Most organizations understand that they need to protect their data for their own operations, but the proliferation of data protection laws such as the European Union’s General Data Protection Regulation and the California Consumer Privacy Act are forcing data keepers to think about the privacy of the those whose data they’re holding. That’s why organizations—even those without much of a concern about bad actors—need to formulate a legitimate data protection strategy that protects privacy.
Data access controls must not only govern users, but take into account the rights of the creators of data. The data has to be encrypted or tokenized and only people with a business need to see the data be given access to it.
Most organizations aren’t implementing that kind of strategy. Some organizations are doing dynamic data masking to mask information from non-privileged users, but that leaves the data in the clear at the back end. Others are resorting to whole-disk or file system level encryption. That approach has merit, but it’s woefully inadequate compared to the level of protection that can be provided by persistent, data-centric protection.
When formulating a data protection strategy that preserves privacy, it’s important to identify all your operational databases that could present serious problems to your organization if they were breached. You also need to identify the mechanisms used to protect your data wherever it resides. That’s typically done with data discovery tools that can work on both structured and unstructured data.
Get the job done with the right tools
Two keys to formulating a data protection strategy that protects privacy are tokenization and format-preserving encryption (FPE), which preserves the formats of structured data items after they’ve been encrypted. Without preserving the data’s formatting, application or schema changes might have to be made in a database to accommodate encryption, which can change the length of a data item.
With format-preserving encryption, analytics can be performed on a database without exposing sensitive data fields. For example, you could protect a customer’s first and last name, Social Security and credit card numbers with encryption, but expose data like products bought, total spend, and such. So you’re protecting the customer’s privacy, but can still perform valuable operations on your database and in your cloud analytics.
Format-preserving encryption can be used in any environment, such as Snowflake and BigQuery, and a similar approach can be applied to unstructured data. In that case, after the unstructured data is encrypted, a policy can be inserted into the file’s metadata that identifies who should have access to it. The policy remains with the file during its life span so if someone without proper permission tries to access a copy of the file, they won’t be able to do it.

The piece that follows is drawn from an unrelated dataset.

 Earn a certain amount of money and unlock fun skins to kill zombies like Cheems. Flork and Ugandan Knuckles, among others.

For the policy approach to work, however, software agents need to be installed on any machines or devices that will be working with the files. An alternative is to include code within applications that can perform the functions of the agent. That approach has the advantage of enabling an organization to better understand where data exposure is happening.

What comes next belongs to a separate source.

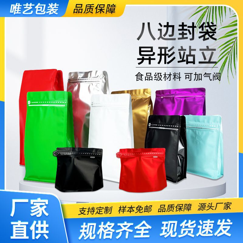 八辺封コーヒー包装袋コーヒー豆粉茶粉末間食食品アルミ箔自立チャック袋エアバルブ袋

Identifying anomalous behavior is key
When done properly, the code within the application can be used to identify anomalous behavior by the software in almost real time. For example, an app that typically does 500 decryptions a day that suddenly starts doing 5,000 decryptions in a day would be a tip-off that an attack may be underway. Maybe those additional decryptions are being caused by a spike in call center activity. On the other hand, if call center activity isn’t unusual, then something is seriously wrong.
Tokenization allows dummy data to be substituted for real data. It, too, preserves formatting because each token replaces a corresponding piece of data. So a tokenized credit card number, for example, will look and smell like a credit card number but it couldn’t be used as a credit card number since it isn’t one. Tokenization is typically used only with structured data.

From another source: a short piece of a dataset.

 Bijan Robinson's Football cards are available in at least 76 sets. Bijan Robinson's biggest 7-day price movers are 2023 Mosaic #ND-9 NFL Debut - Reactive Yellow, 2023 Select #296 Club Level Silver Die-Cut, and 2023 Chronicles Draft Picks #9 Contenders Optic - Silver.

Real data can also be used in combination with tokens. So you could the expose the first four digits in a credit card number—which identifies the issuing bank—and tokenize the rest of it. That would be useful in determining how many transactions came from a card issued by a certain bank or authority.
One advantage of having a data protection strategy that protects privacy is that it’s likely to remain relevant in the face of future changes in laws, regulations, and compliance standards. A common denominator of all those things is a requirement that the latest security mechanisms be used to protect data. Tokenization and encryption are such mechanisms. They ensure that if data is exfiltrated from an organization, its value will be worthless to information thieves. That’s why laws and regulations don’t consider theft of tokenized or encrypted data a data breach.
Avoid exponential exposure
Without a data protection strategy that preserves privacy, an organization is engaging in risky behavior. Privacy exposure goes up exponentially. For example, unauthorized people might access your HR data, which would immediately create a privacy crisis where any number laws or regulations could be triggered and fines imposed. In recent times, such fines have been slapped on a variety of organizations, including Google ($43 million), Capital One ($80 million), Yahoo ($85 million), Uber ($148 million), and British Airways ($230 million).
In order to avoid the kinds of confrontations with regulators that can lead to those severe penalties, organizations should start implementing a data protection strategy that guards the information privacy of those whose data is in their care sooner rather than later.
Reiner Kappenberger is Director, Voltage Data Security at CyberRes.